Are you still so certain that US interventionism is the lesser evil? Because really, seriously, it doesn't look that way to me.
CRV@ #26:
Many also argue that the U.S. has a moral duty to remain as World Police, lest the nastier nations of the world do as they please, unchecked.
It may have escaped your notice, but the U.S. is fast becoming one of the "nastier nations of the world". Your government
- engages in wars of foreign aggression
- kidnaps citizens of other nations (Canada, Italy, Germany among them) and holds them without trial
- condones torture (fecal matter by any other name)
- engages in widespread gerrymandering and voting fraud
- has the world's largest nuclear, biological and chemical arsenal, and is the world's only nation to ever have used nuclear weapons in anger.
Leaving aside allegations of widespread corruption in the legislature, please tell me how, exactly, the U.S. can possibly lay claim to any sort of moral high ground?
The U.N. may not be perfect, but at least they operate under a stringent system of checks and balances.
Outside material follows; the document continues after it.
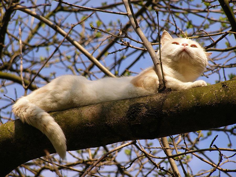 Коты-цветы - как без них. У каждого, между прочим, есть своя любимая ветка на собственном любимом дереве.
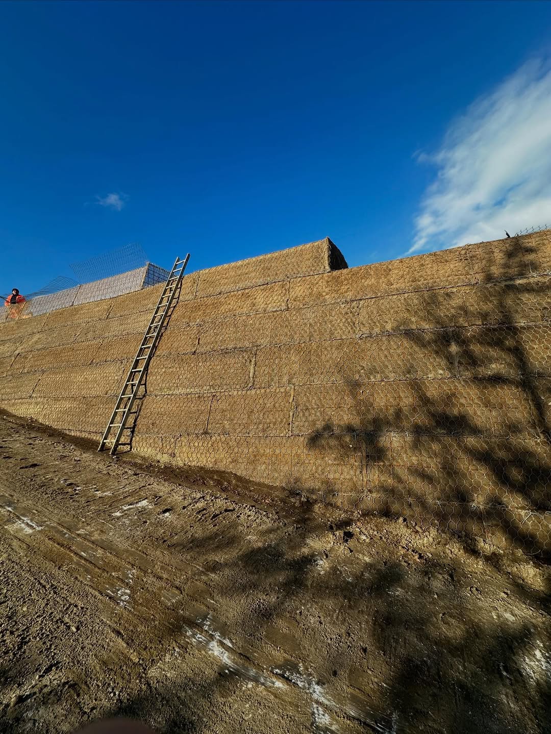 Realizzazione di scarpata in terre armate con posa di rete metallica e modellazione del rilevato in cantiere.

Which is partly why they are very slow to move, when they move at all, but it also means that clusterfucks like the invasion of Iraq (a war which is manifestly a war of foreign aggression, even if one does not go so far as to call it a neocolonialist adventure) don't happen under their aegis.
sad kitteh wuz walkin
lonely liek cloudz
floatin over hillz
cloudz iz borin
hillz iz borin
Do not want!
hungry nao
i can has cheezburger?
no cheezburger here
iz daffodilz
they can has a flavor?
N
O hai
im in ur daffodilz
eatin ur poetz
they has a flavor
kthxbai!
I've been lurking in this thread for a while, but J Thomas has said something whose consequences I think need to be pointed out: we make a big panic call for every civilian vessel to stop dead in the water until we get it resolved, and we sink everything that doesn't, concluding that the end result of such a scenario is: And we're at war with iran.
If US ships sink anything that isn't Iranian -- and is it fair to say that all ships sunk from such a scenario would be Iranian? -- you're at war with more than just Iran, unless your government does some very fast talking. Things could become unpleasant, to say the least.